Qual é a prioridade?
A prioridade é fazer chegar o comprimido à boca da pessoa que precisa.
E melhorar o diagnóstico...
Sim, generalizar o teste da hepatite C, que é muito simples. Aí vamos apanhar talvez meio por cento da população que tem hepatite C e não sabe.
Antes dos antivirais como eram tratadas as pessoas?
No início, o tratamento começava com injecções três vezes por semanas, com imensos efeitos secundários, em que só curava 6%. As pessoas ficavam deprimidas, com ansiedade, queda de cabelo e deixavam de trabalhar. O tratamento durava entre seis meses e um ano. Agora o estado da arte é um comprimido uma vez por dia, sem efeitos secundário, durante cerca de dois meses e uma taxa de sucesso de 97%.
É o tal cortar da meta de que me falava...
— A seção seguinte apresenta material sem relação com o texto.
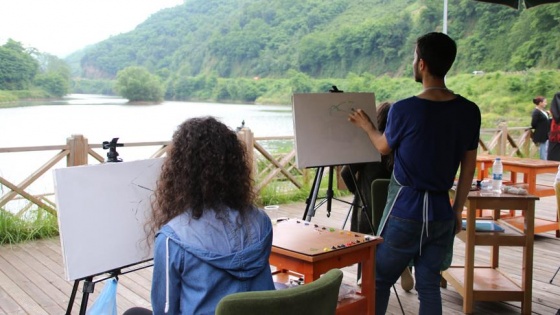 Trabzon'un önemli turizm mekanları arasında bulunan Sera Gölü Tabiat Parkı, üniversite öğrencilerince resmedildi.

Sim. Acho que o Prémio Nobel que é atribuído agora é merecido pelo modelo de ataque a um vírus – e temos tanto, o da sida, hepatite B, gripe, agora o da covid – é a cereja em cima do bolo. É assim: se nós conseguimos dominar um, ponto final parágrafo, estamos a tratar dele e é passar para outro. Acredito que a partir desta dinâmica com a hepatite C – conhecermos os factores de risco, os testes, os tratamentos e o que acontece às pessoas – seja possível agora aproveitar este know-how todo para o mundo da covid.